All of these subdisciplines share concepts and analytical methods that stem from the field of spatial ecology: a field coined by Tilman and Karieva in 1997. Since then, the term “spatial ecology” has been used in a wide range of ways depending on each ecological subdiscipline and field. Biogeography focuses on species geographic distributions (Lomolino 2017). Landscape ecology relates spatial heterogeneity to ecological processes and species distribution (Turner and Gardner 2015). Movement ecology focuses on organismal dispersal and migration (Nathan et al. 2008). Macroecology investigates the relation of processes and species at large spatial scales (Gaston and Blackburn 2000). Metaecology considers dispersal and spatial interactions at different spatial scales to model ecological processes that affect species distribution and dynamics (i.e., metapopulations, metacommunities, metaecosystems; Massol et al. 2011) . Spatial and landscape genetics relate how landscape features affect gene glow and local adaptation (Manel et al. 2003; Guillot et al. 2009). Finally, conservation biology develops and applies spatial solutions to a variety of problems, including mitigating the effects of roads, protected area networks, and spatial prioritization in conservation planning (Primack 2014) (Fig. 1.1).
Throughout this book, we use the term spatial ecology in a broad sense referring to the study and modeling of the role(s) of space on ecological processes (e.g., population dynamics, species interactions, dispersal) that in turn affects ecological patterns, such as species distributions. This definition shares similarities with some early definitions of landscape ecology (Pickett and Cadenasso 1995; Turner 1989). Yet over the years, landscape ecology evolved to include socio-economic aspects of landscapes as well (Wu 2017).

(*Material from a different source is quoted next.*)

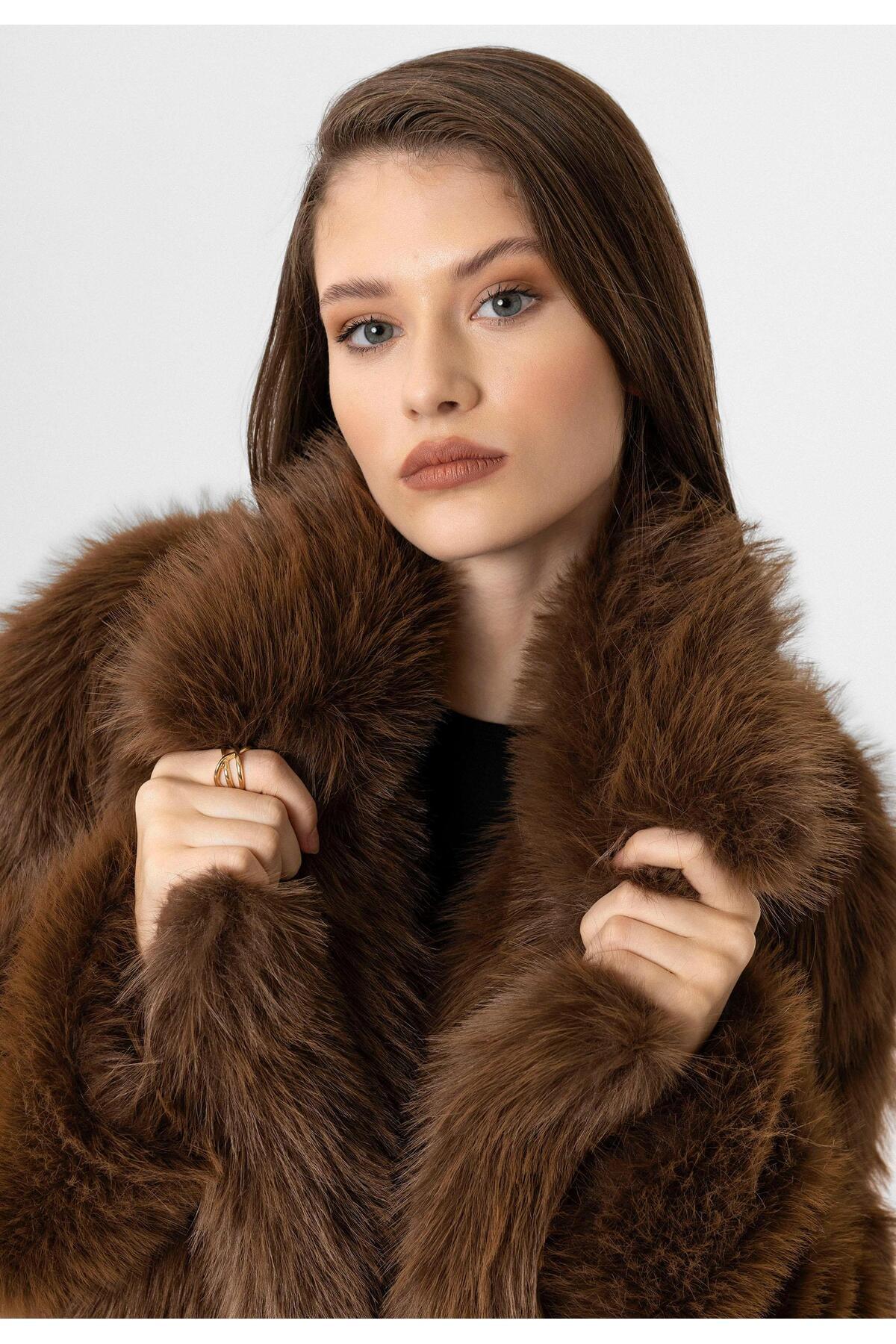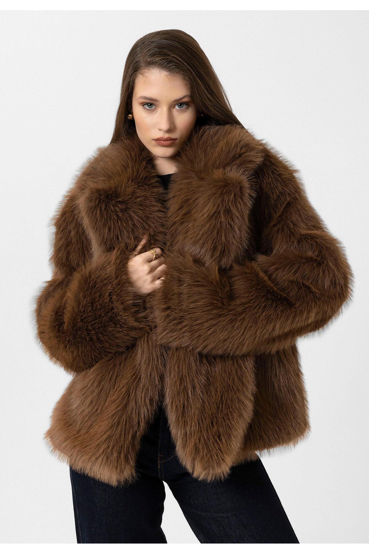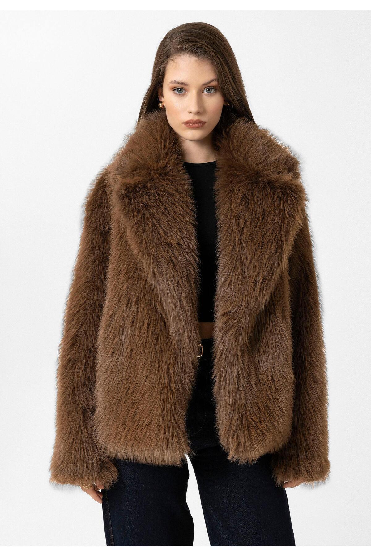 Kahve Kadın Ceket Yaka Suni Kürk Ceket Kahve Kadın Ceket Yaka Suni Kürk Ceket BA24Y417 L

Research in spatial ecology aims to understand the processes that affect species distributions and dynamics, and how these processes play out across space. Endogenous processes are related to the dynamics of each ecological entity (e.g., movement, dispersal, and migration) and the interactions among entities within and across species (population demographics, genetic variation, behavior, competition, facilitation, trophic interactions, etc.). Exogenous processes are related to the response of organisms to environmental factors that are themselves spatially structured (climate, local habitat features, microhabitat heterogeneity, patch disturbance-succession, environmental filtering, historical contingencies, etc.). Overall, it is the combined action and feedback effects of these endogenous and exogenous processes that result in the spatial patterns observed at different levels of organization though space (e.g., metapopulations, metacommunities, and metaecosystems) (Fig. 1.2).
Spatial ecology is increasingly applied to conservation and management to help deliver more effective ways to conserve biodiversity. The rapid rate at which landscapes are altered is creating spatially heterogeneous environmental conditions that affect species ability to disperse and ultimately persist. Yet, even in homogeneous environments, endogenous processes alone can shape species spatial distributions (Okubo 1974). This is why many of the core ecological theories and analytical models used in spatial ecology are process-based ones. Therefore, one of the most important cornerstones of spatial ecology as a discipline is the way in which the challenges of understanding the processes underlying the spatial distribution of ecological entities are tackled. Spatial ecology offers concepts and tools to understand, predict, and map how biodiversity responds to environmental change.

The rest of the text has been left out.